→ Task to carry out
Gather each line containing the string "with" from these entries.

→ Supplied information
........

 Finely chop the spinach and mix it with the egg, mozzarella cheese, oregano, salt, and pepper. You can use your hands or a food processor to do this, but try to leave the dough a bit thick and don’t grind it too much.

........

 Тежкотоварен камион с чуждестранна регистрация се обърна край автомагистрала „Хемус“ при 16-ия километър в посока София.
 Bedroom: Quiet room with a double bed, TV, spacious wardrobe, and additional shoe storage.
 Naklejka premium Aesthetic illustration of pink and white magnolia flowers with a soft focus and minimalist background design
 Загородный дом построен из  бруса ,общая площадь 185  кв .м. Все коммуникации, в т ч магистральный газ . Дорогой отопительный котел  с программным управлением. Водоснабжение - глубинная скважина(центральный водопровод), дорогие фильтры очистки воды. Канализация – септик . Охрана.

........

→ Answer box
 Finely chop the spinach and mix it with the egg, mozzarella cheese, oregano, salt, and pepper. You can use your hands or a food processor to do this, but try to leave the dough a bit thick and don’t grind it too much.
 Bedroom: Quiet room with a double bed, TV, spacious wardrobe, and additional shoe storage.
 Naklejka premium Aesthetic illustration of pink and white magnolia flowers with a soft focus and minimalist background design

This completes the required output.